On x86_64, segmented addressing is no longer used, but the both the FS and GS registers can be used as base-pointer addresses in order to access special operating system data-structures. So what you're seeing is a value loaded at an offset from the value held in the FS register, and not bit manipulation of the contents of the FS register.
具体是怎么发生的,就是 FS:0x28 在Linux上存储一个特殊的定点堆栈后卫值,code正在执行堆栈后卫检查。例如,如果你在你的code看得更远,你会看到,在值 FS:0x28 被存储在堆栈上,然后的内容一叠召回和 XOR 与在原值进行FS:0x28 。如果这两个值相等,这意味着零位已定,因为 XOR ING两个零值相同的值的结果,那么我们就跳到在测试常规,否则我们跳转到一个特殊功能,表明堆栈在某种程度上破坏,并存储在堆栈上的标记值发生了变化。
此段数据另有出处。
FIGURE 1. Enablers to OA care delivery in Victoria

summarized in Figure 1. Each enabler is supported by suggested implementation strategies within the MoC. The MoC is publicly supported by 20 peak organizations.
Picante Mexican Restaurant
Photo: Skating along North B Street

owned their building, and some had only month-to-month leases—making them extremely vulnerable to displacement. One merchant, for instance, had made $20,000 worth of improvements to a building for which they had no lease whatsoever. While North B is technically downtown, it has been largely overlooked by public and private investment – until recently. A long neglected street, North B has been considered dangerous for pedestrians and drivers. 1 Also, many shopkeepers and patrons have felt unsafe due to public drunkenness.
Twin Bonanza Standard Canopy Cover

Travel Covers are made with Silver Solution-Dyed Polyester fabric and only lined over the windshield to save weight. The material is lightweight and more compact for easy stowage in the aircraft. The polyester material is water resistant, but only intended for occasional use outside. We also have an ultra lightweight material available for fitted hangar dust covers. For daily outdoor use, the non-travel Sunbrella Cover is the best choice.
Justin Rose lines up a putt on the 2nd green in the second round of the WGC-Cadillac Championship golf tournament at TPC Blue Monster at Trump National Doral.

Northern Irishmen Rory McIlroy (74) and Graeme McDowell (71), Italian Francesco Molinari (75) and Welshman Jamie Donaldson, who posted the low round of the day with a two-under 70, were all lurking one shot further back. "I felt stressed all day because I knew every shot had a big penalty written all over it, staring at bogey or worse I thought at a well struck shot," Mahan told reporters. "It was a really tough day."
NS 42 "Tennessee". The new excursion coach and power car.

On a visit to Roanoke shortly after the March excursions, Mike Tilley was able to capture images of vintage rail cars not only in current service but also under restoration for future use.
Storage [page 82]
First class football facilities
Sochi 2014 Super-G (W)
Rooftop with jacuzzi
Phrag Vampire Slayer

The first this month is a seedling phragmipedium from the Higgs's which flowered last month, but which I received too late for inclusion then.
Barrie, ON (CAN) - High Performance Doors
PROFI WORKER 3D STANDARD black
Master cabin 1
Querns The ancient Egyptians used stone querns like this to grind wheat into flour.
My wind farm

Specifically what's taking place, is that FS:0x28 on Linux is storing a special sentinel stack-guard value, and the code is performing a stack-guard check. For instance, if you look further in your code, you'll see that the value at FS:0x28 is stored on the stack, and then the contents of the stack are recalled and an XOR is performed with the original value at FS:0x28. If the two values are equal, which means that the zero-bit has been set because XOR'ing two of the same values results in a zero-value, then we jump to the test routine, otherwise we jump to a special function that indicates that the stack was somehow corrupted, and the sentinel value stored on the stack was changed.
这篇关于为什么这个内存地址有一个随机值?的文章就介绍到这了,希望我们推荐的答案对大家有所帮助,也希望大家多多支持IT屋!